Ingredients for the rice flour base

The key to the best Bánh Đúc Nóng Hà Nội is the right balance of flours. After a few rounds of experimenting, I’ve found my perfect ratio: 50% rice flour, 10% glutinous rice flour and 40% tapioca flour. For this recipe, I use a total of 200g of mixed flour. To that, I add 1 teaspoon of salt and slowly whisk in 800ml of cold water, making sure everything dissolves entirely into a smooth batter.

Bánh Đúc Nóng Hà Nội (Savoury Rice Flour Soup) - rice flour base

Here’s a tip that makes a huge difference to the final texture: let the mixture rest. After a couple of hours, you’ll notice the flour sinks to the bottom, leaving a clear layer of water on top. Gently pour that layer away, then top it back up with the exact same amount of fresh cold water. Mix, wait another hour or two, and repeat the process. Do this twice and you’ll end up with a silky batter that turns into the smoothest, softest, slightly “crunchy” (in that chewy tapioca way) rice base once cooked.

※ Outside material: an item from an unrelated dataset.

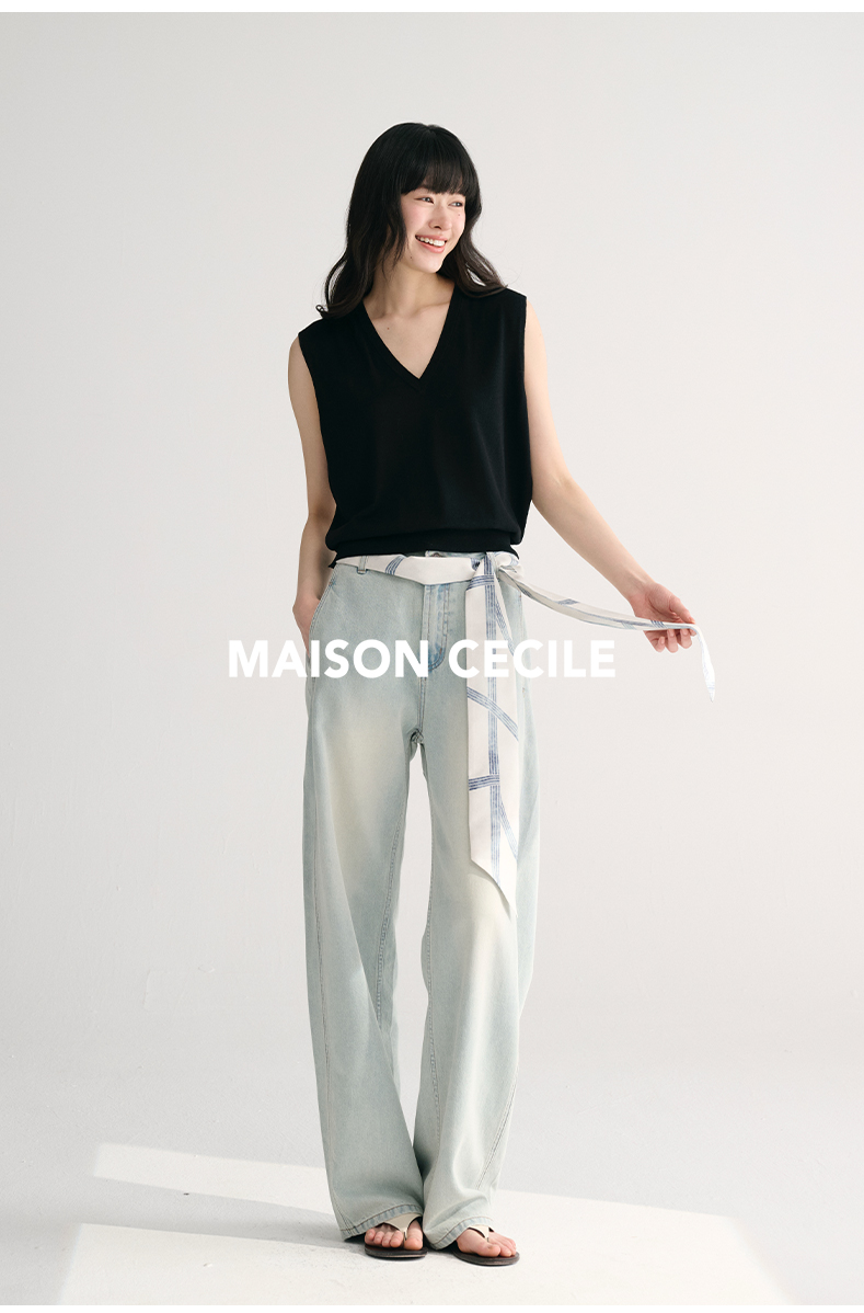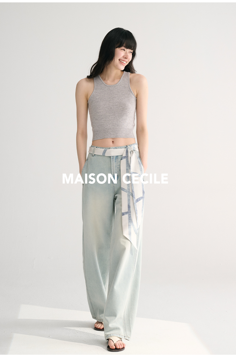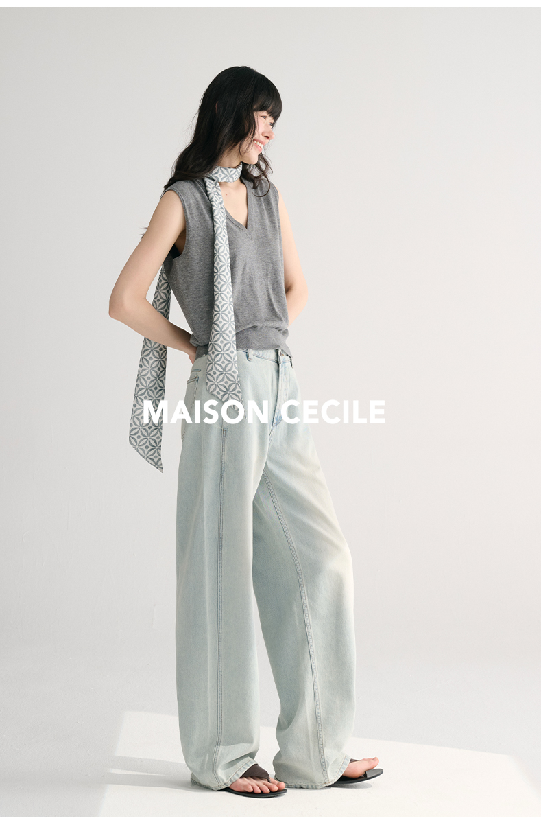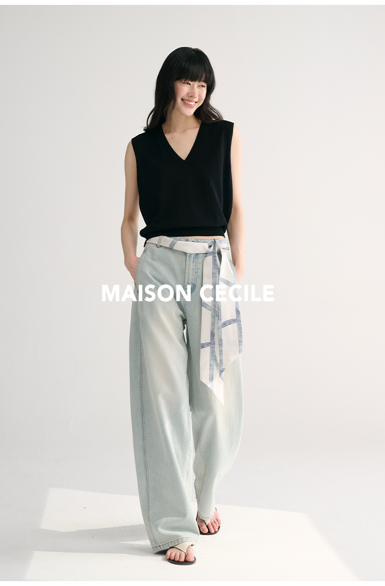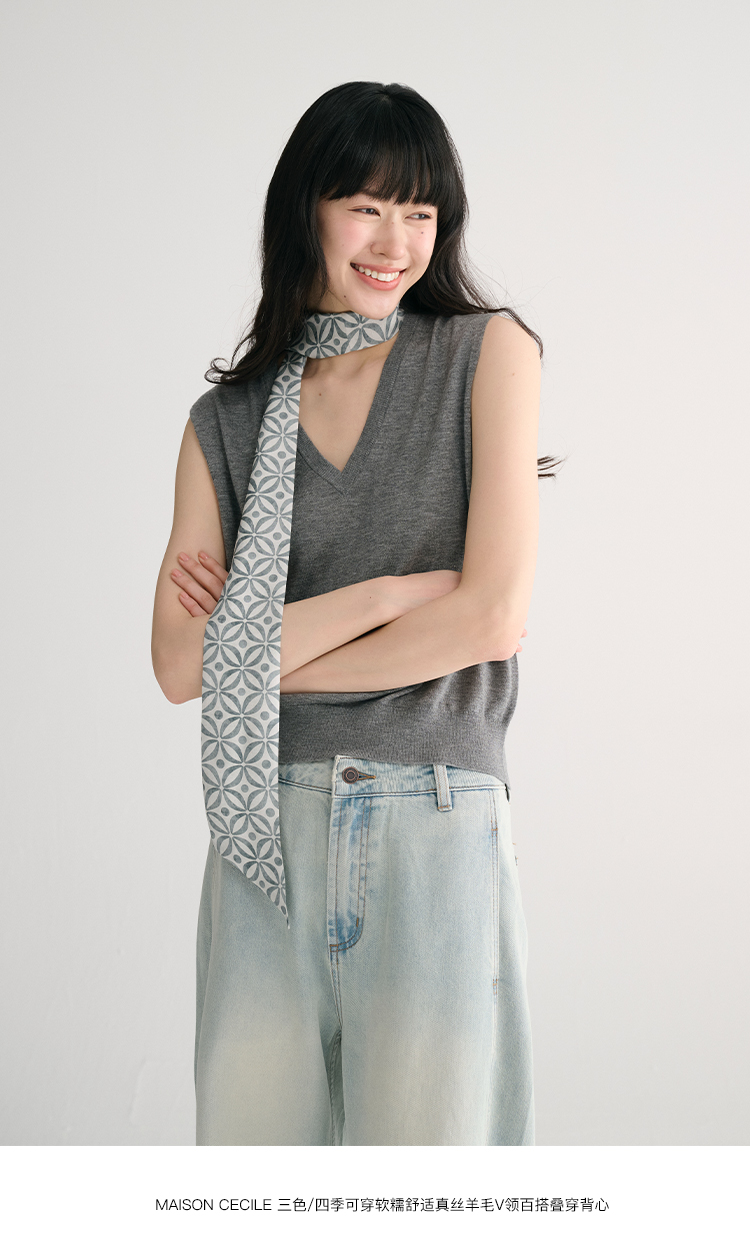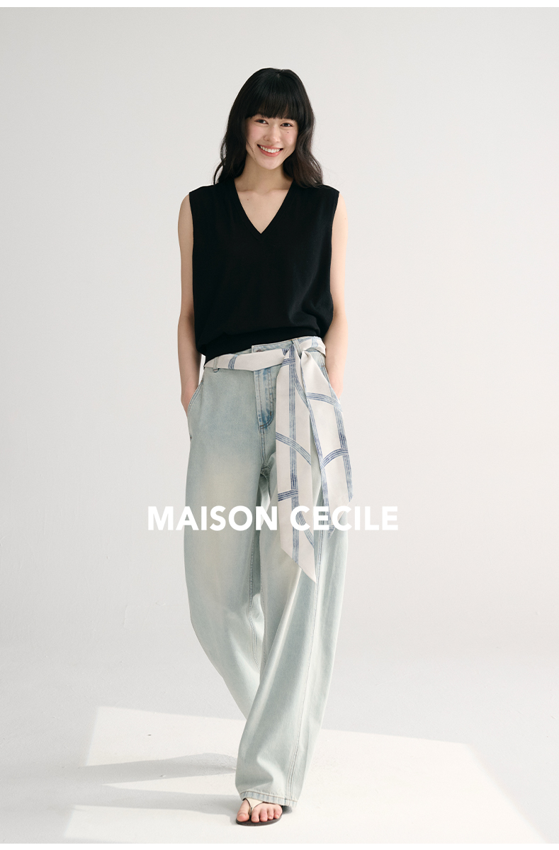 MAISON CECILE 独家定制图案/桑蚕丝双层印花多用途长款飘带/腰带

Cooking the rice flour base

When you’re ready to cook, pour the rested mixture into a pan and stir it constantly over low to medium heat. After around 5-7 minutes, you’ll see it start to thicken. Keep stirring – it’ll get a bit sticky, then start bubbling and become slightly transparent. At this point, add 2 tablespoons of olive oil (or any neutral oil) and stir well until mixture is completely smooth. Turn off the heat and pop the lid on to keep it warm while you prepare the topping.

Savoury pork and mushroom topping

For the topping, you’ll need some pork mince and a mix of wood ear and dried shiitake mushrooms. Soak the mushrooms in hot water until soft, then finely chop them. Chop one small onion too.

Bánh Đúc Nóng Hà Nội (Savoury Rice Flour Soup) - topping

Heat a tablespoon of oil in a frying pan, saute the onion until fragrant and golden, then add the pork mince. Break it up with a spatula, stir well, and toss in the chopped mushrooms. Season with 2 tablespoons of fish sauce and half a teaspoon of ground pepper. Let it simmer gently for around 10 minutes until the topping is cooked through. Turn off the heat and cover to keep warm.

Bánh Đúc Nóng Hà Nội (Savoury Rice Flour Soup) - topping

Making the warm sweet and sour dressing (nước chấm)

If you’ve followed some of my other Vietnamese recipes, you’ll know that nước chấm —our classic sweet and sour dipping sauce – is a staple in my dishes. This dish is no exception. To make it, combine 2 tablespoons of sugar, 2 tablespoons of vinegar, 2 tablespoons of fish sauce, and 10 tablespoons (about 150 ml) of water. Stir until everything is dissolved.

Because I love this dish served warm, I usually heat the dressing slightly in a saucepan – or just pop it in the microwave for a minute or two.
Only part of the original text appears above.